Immune thrombocytopenic purpura (ITP) is a blood disorder in which people experience a decrease in the number of platelets in their blood. Platelets are cells in the blood that help stop bleeding, and when there aren’t enough of them, a person can experience easy bruising, bleeding gums, nosebleeds, and heavy menses. ITP is caused by an immune reaction against one’s own platelets. It is very common, and both children and adults can develop the disorder.
Acute immune thrombocytopenic purpura typically affects children ages two through six. Often, the cause it not known, but ITP may occur after a viral illness, such as chickenpox. Most cases are temporary and resolve within weeks or a few months without any treatment being required. Chronic thrombocytopenic purpura can happen at any age, but typically occurs more often in adults and adolescents. Low platelets can persist for a minimum of six months to several years, or even a lifetime, and more females are affected than males. Chronic ITP can recur often, and requires continual follow-up care with a blood specialist (hematologist).
What Causes ITP? Often, there is no known cause of ITP, but it occurs when the body produces antibodies against its own platelets. Also, a type of white blood cell called T-cells directly attack platelets. Although rare, ITP can be triggered by medications that cause an allergy that cross-reacts with platelets; an infection from a virus that prompts antibodies to cross-react with platelets; pregnancy; vaccinations; in conjunction with immune disorders such as rheumatoid arthritis and lupus; and low-grade lymphomas and leukemias that produce abnormal antibodies against platelet proteins.
Symptoms of ITP. Our body’s normal platelet count ranges from 150,000 to 450,000. People with ITP have a platelet count less than 100,000. When the platelet count is less than 10,000, more significant symptoms can occur, including extensive bruising; tiny red dots under the skin from small bleeds; nosebleeds; mouth and gum bleeding; heavy menstrual periods; blood in vomit, urine, or stool; and bleeding in the brain — the most dangerous and life-threatening symptom of ITP.

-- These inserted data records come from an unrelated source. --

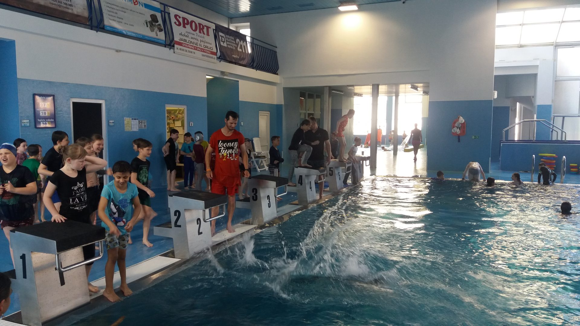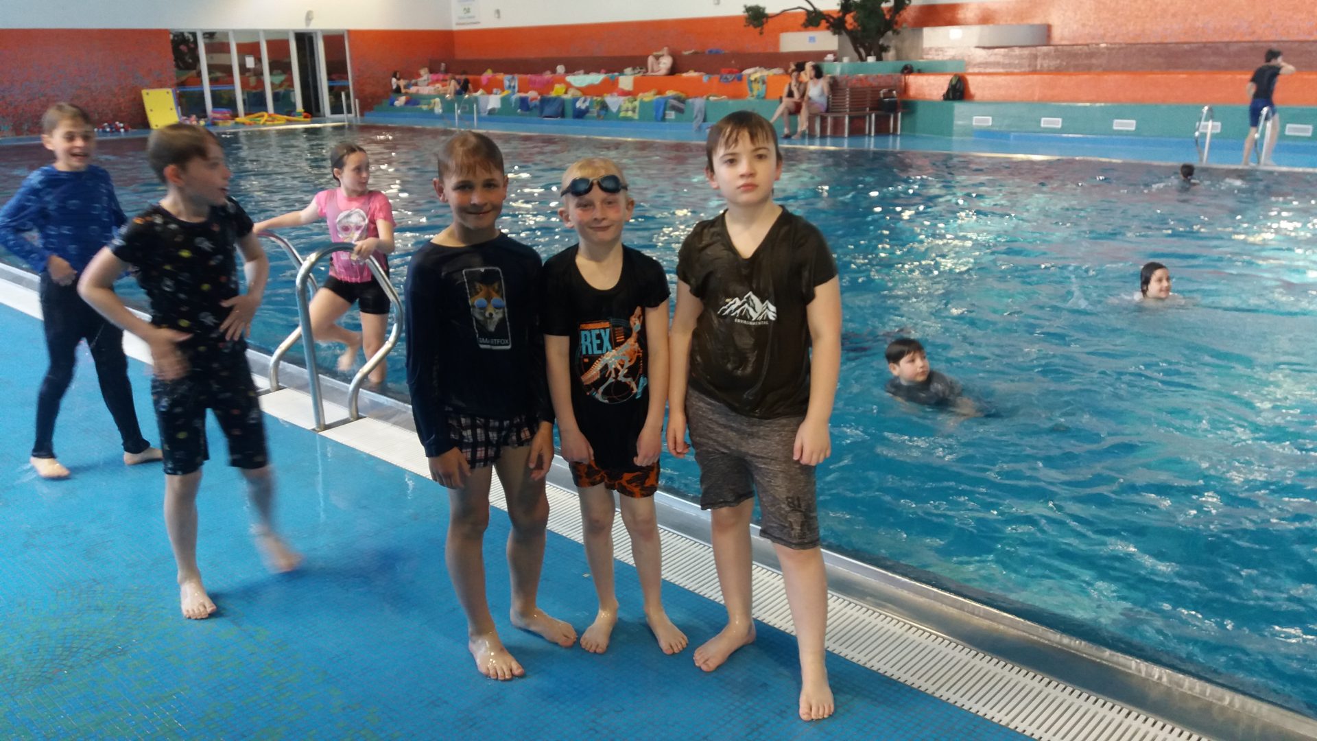 každý přece ví, že pyžamo je oblečení na spaní, ale my si ho vzali do vody v rámci plavání při nácviku pomoci tonoucímu. Cílem bylo si zkusit, jaké to je plavat v oblečení. I když jsme měli lehká pyžamka, všichni jsme pocítili, že je to zátěž a lépe se plave v plavkách. Při zachraňování člověka nebo zvířete či věci, je vždy lepší sundat si těžké oblečení a boty a tím se zbavit zátěže. Tyto nové poznatky jsou pro nás velmi důležité. V galerii se můžete podívat, jak nám to slušelo.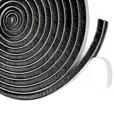 Borsttätning, dörrtätning, självhäftande, 9 x 5 mm (B x H) x 6 m, dörrbottentätning, insektsskydd, tätningsborste för dörr, fönster, garderob, dragstoppare för dörrar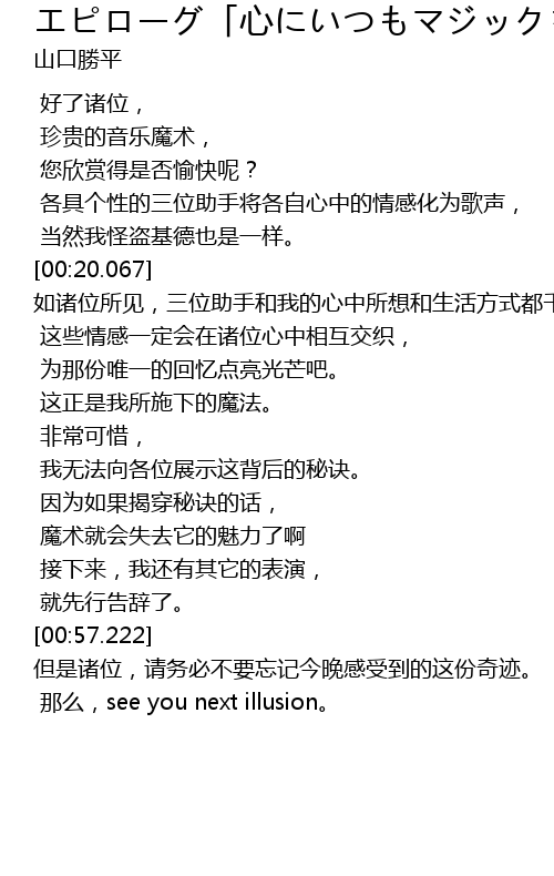 | [01:02.420] | 那么,see you next illusion。 |
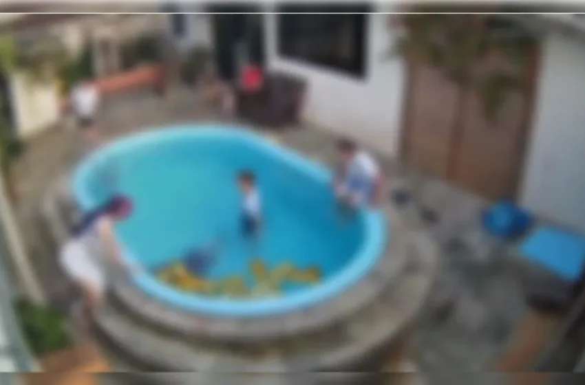 Um empresário foi resgatado pela esposa após bater a cabeça durante um mergulho e começar a se afogar em uma piscina em União da Vitória, no sul do Paraná. O caso aconteceu na última quinta-feira (1º) e foi capturado por câmeras de monitoramento da residência.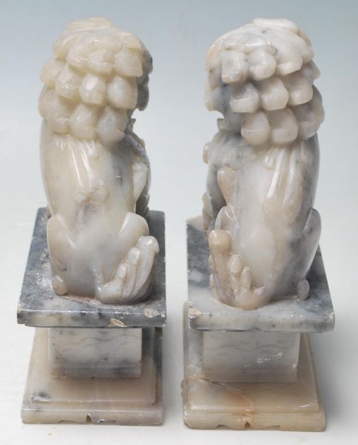 An early 20th century Chinese oriental wooden box. The box having mother of pearl oriental garden scene decoration to the ebonised body along with a pair of soapstone Chinese oriental Fu / foo lion dogs raised on a plinth base. Measures 10 cm high x 20 cm wide x 18 cm deep.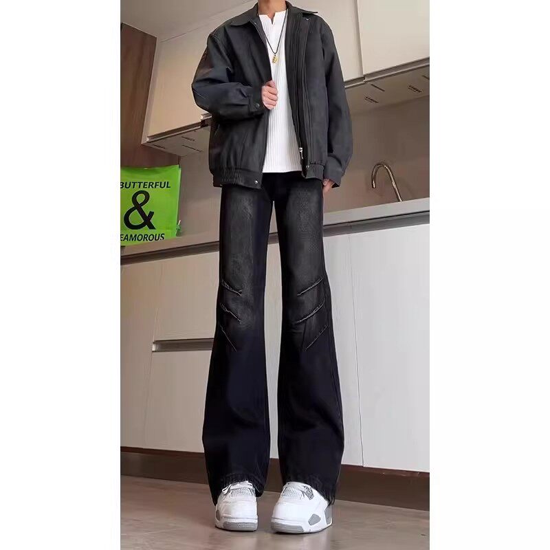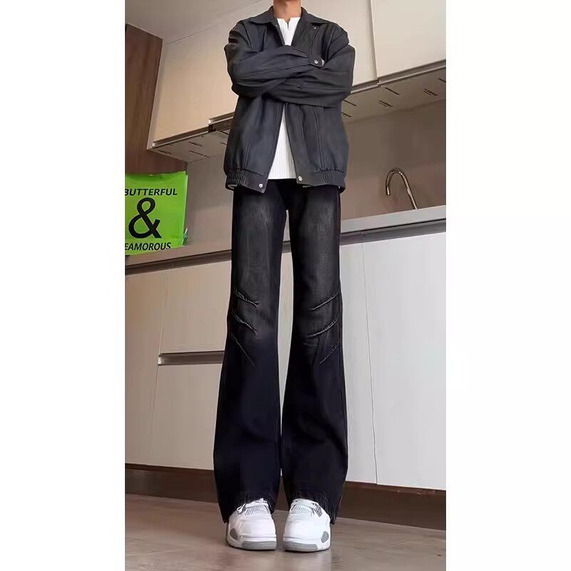 美式复古黑色弯刀牛仔裤男款潮牌高街vibe裤子水洗修身直筒微喇裤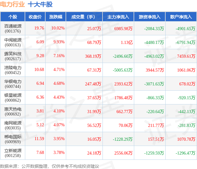 个股表现方面,电力行业当日领涨股为百通能源(001376),该股当日报收19.76,上涨10.02%,成交量25.07万,主力资金净流入6985.98万元。中闽能源(600163)以上涨9.93%紧随其后,该股当日成交量68.79万,主力资金净流入1.13亿元。除此之外,露笑科技(002617)、涪陵电力(600452)、华银电力(600744)均进入当日牛股之列。具体个股列表见下表: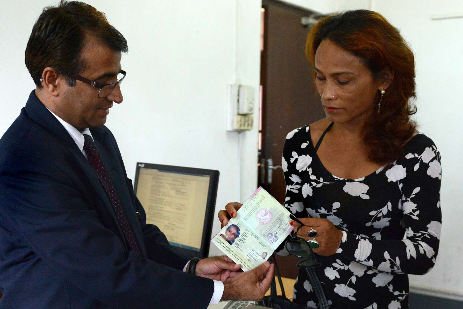 Nepalese transgender and the first recipient of a Nepalese transgender passport, Monica Shahi (right) from Kailali district receives her new passport at the offices of the passport department in Kathmandu on Aug 10, 2015.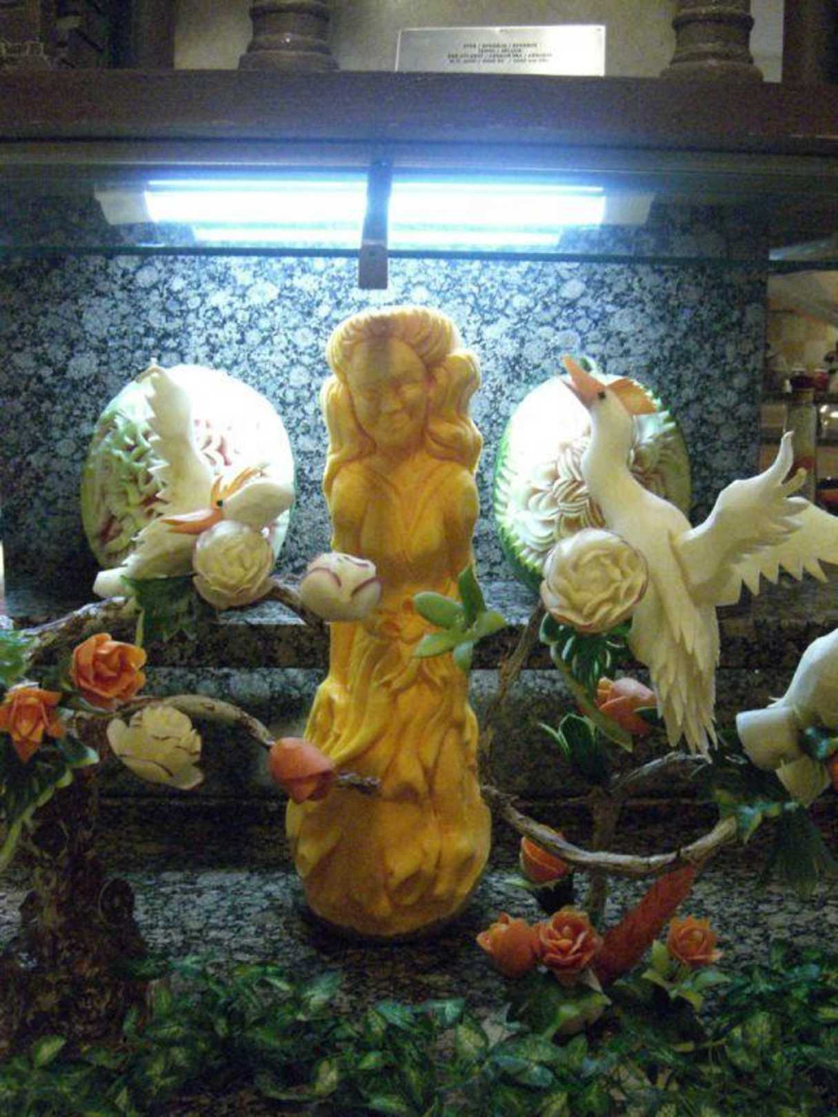 Geschnitzte Frau und Vögel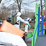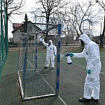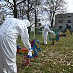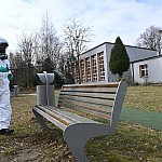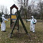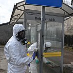 36 żołnierzy w sześciu ekipach wyjechało dziś rano z 5. Pułku Chemicznego im. Leona Berbeckiego, aby zacząć akcję dezynfekcji przystanków, placów zabaw i boisk w Tarnowskich Gór. Do końca tygodnia wojskowi odkażą 5-procentowym roztworem nadtlenku wodoru także starostwo powiatowe, noclegownię oraz dworzec autobusowy. Ten ostatni zostanie spryskany dziś w nocy.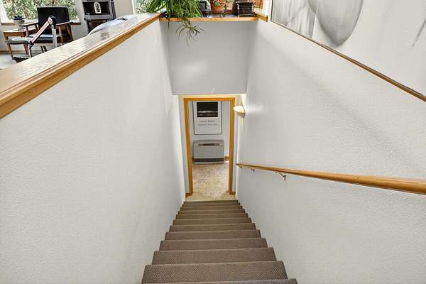 Welcome home to this custom-built, move-in ready retreat! The vaulted living room is complete with a free-standing woodburning stove and perfectly placed windows to let in an abundance of natural light. The dining area is conveniently located next to the kitchen with slider access to the oversized deck with retractable awning, overlooking the lush backyard and seasonal creek. The open kitchen has a gas range/oven, plenty of counterspace and storage, plus a skylight. The vaulted main level primary suite offers dual closets, dual sinks, tiled walk-in shower and an adjoining office. Downstairs you'll find pine ceiling detail in the 4th bedroom & bonus living space with outdoor access. Interior laundry leads to the two-car garage. Mature landscaping surrounds the property including fenced raised garden beds. Detached shed for extra storage. New roof recently installed + reinstalled solar panels.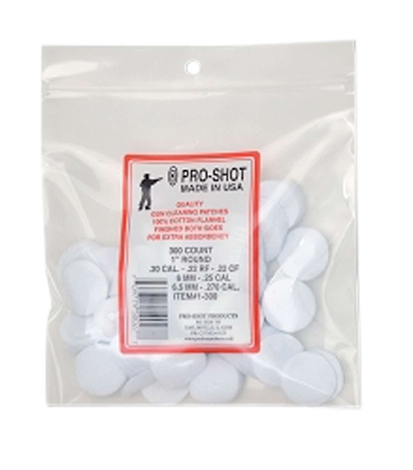 The cotton patches from Pro-shot are made from 100 percent cotton flannel fabric for purposes of absorbing foreign matter and residue. Each 1 inch cotton patch is made with a high thread count to pick up all of the remaining residue, but not tamper with the barrel's rifling.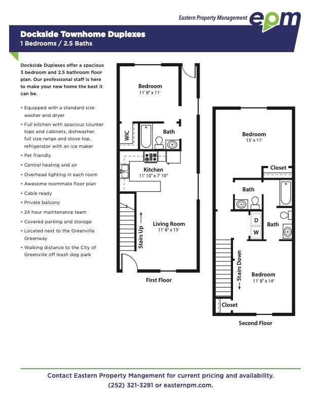 Dockside duplexes offer a spacious 3 bedroom and 2.5 bathroom floor plan which includes internet. Our professional staff is here to make your new home the best it can be. Stop by or give us a call at (252) 321-3281.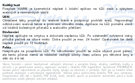 Fixaplast WARM je kosmetická náplast k lokální aplikaci na kůži osob s výskytem svalových a revmatických obtíží.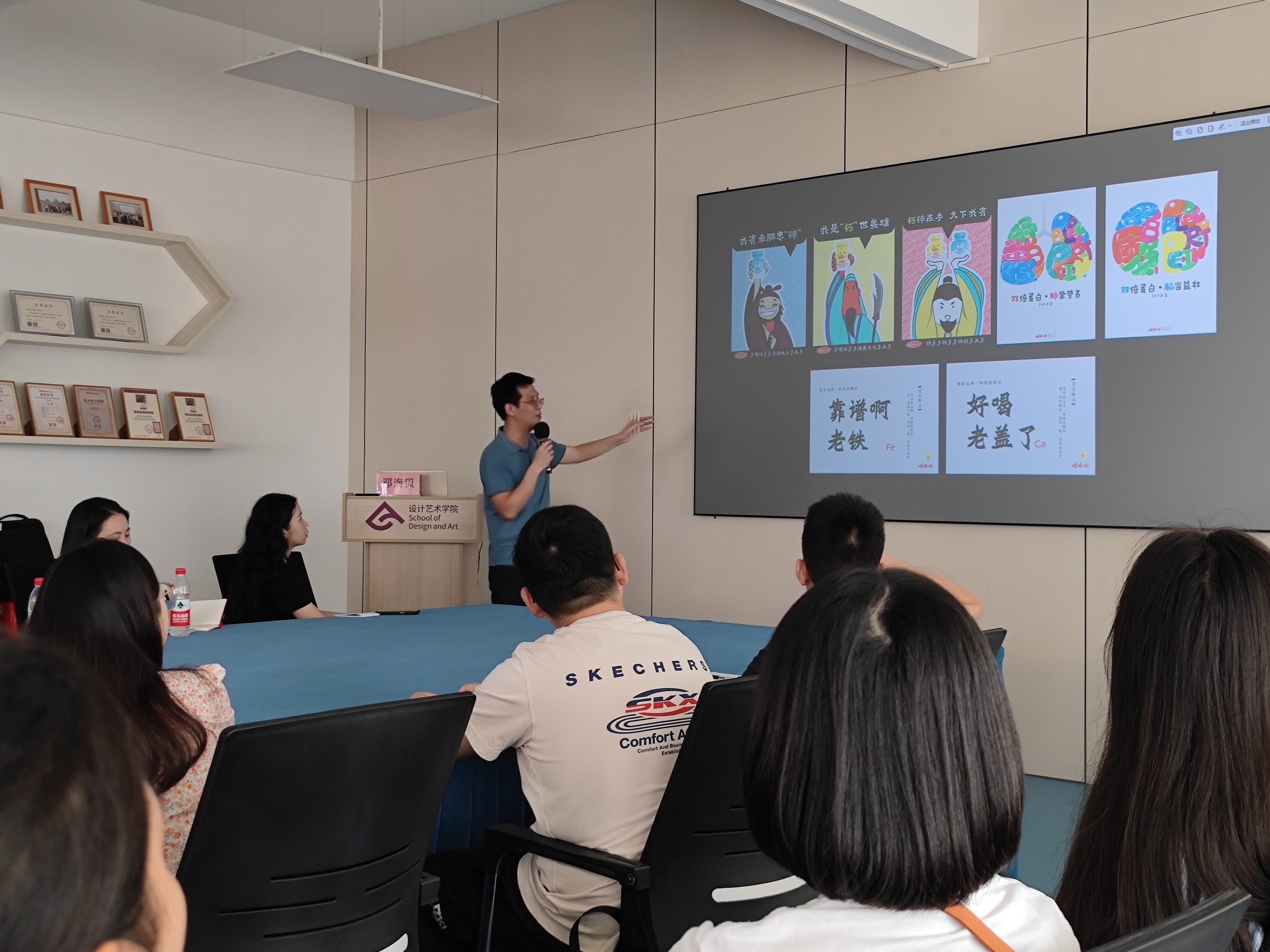 在互动环节,与会教师们纷纷发言,就如何更有针对性地指导学生参赛、如何在课程中融入比赛主题训练等问题与邓海贝副教授进行了深入交流。视觉传达教研室副主任郭梦楠提出了关于参赛学生年级特点和指导策略的问题,邓副教授给予了耐心解答。视觉传达设计专任教师王锦桥则分享了自己在课堂上将教学方法与比赛相结合的经验,引发了在场教师的共鸣和思考。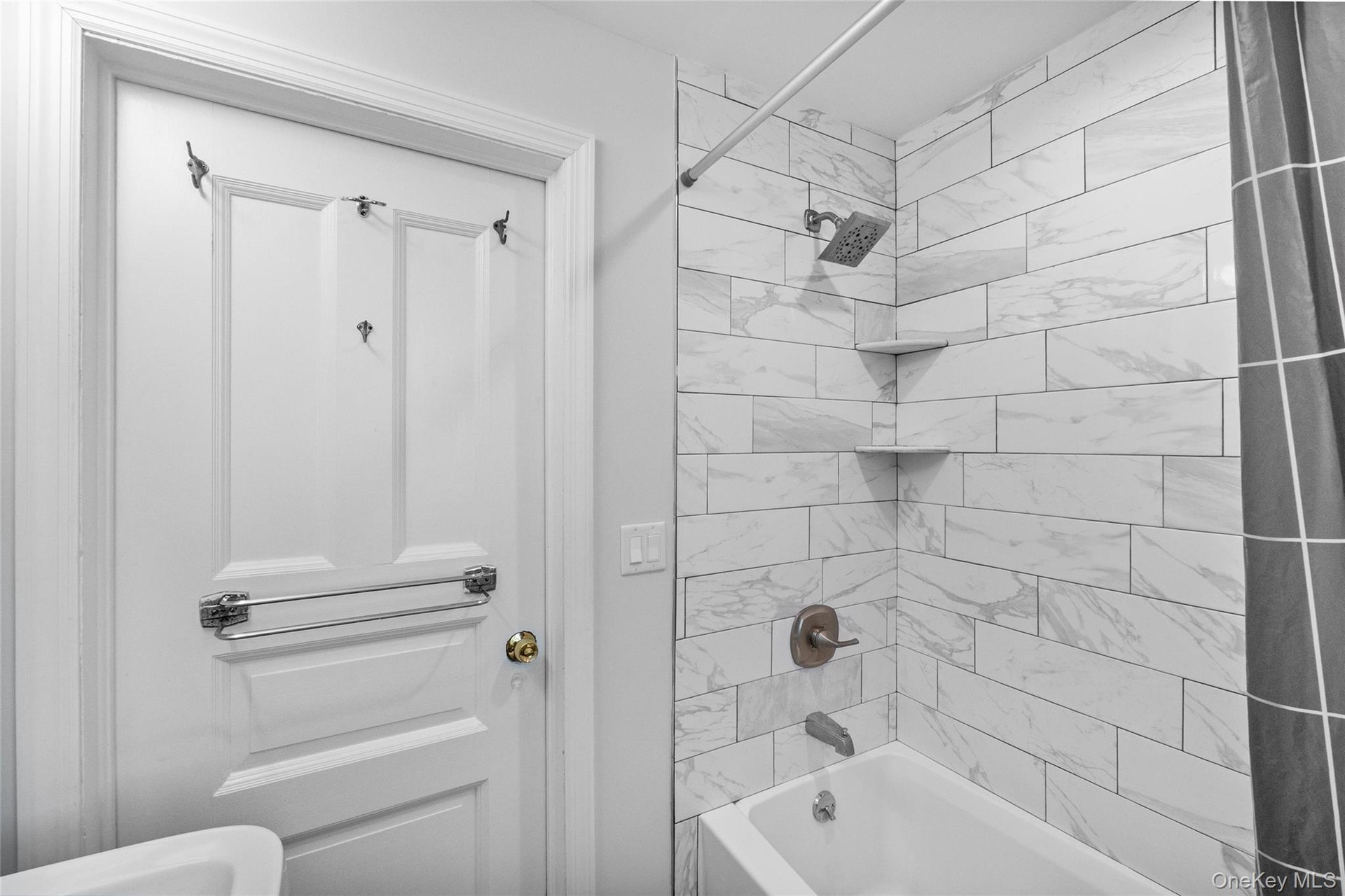 - Bathroom with radiator heating unit and a shower with shower curtain

Diagnosing ITP. Diagnosing ITP requires a thorough physical exam, medical history, review of current medications and tests, a complete blood count (CBC), and other blood tests to rule out infections, and identify any associated conditions. ITP is diagnosed after other conditions have been ruled out as low platelets can occur with other health problems.
Treating ITP. Treatment is based on age, overall health, medical history, and severity of bleeding symptoms. There is no cure for ITP. Treatments including steroids, intravenous gamma globulin (IVGG), and Rh immune globulin offer temporary improvement in platelet counts. When ITP occurs due to a medication, the medication may need to be discontinued. When due to an infection, proper treatment of the infection may result in higher platelet counts. There are also immune suppressive medications that slow antiplatelet antibody production and new therapies that stimulate the bone marrow to produce more platelets. Sometimes people must make lifestyle changes by altering their activities to protect themselves from bleeding.
Beverly Schaefer, MD is a non-malignant hematologist, board-certified in both pediatrics and pediatric hematology and oncology. She cares for patients with bleeding disorders and blood clots at the Roswell Park Oishei Children’s Cancer and Blood Disorders Program.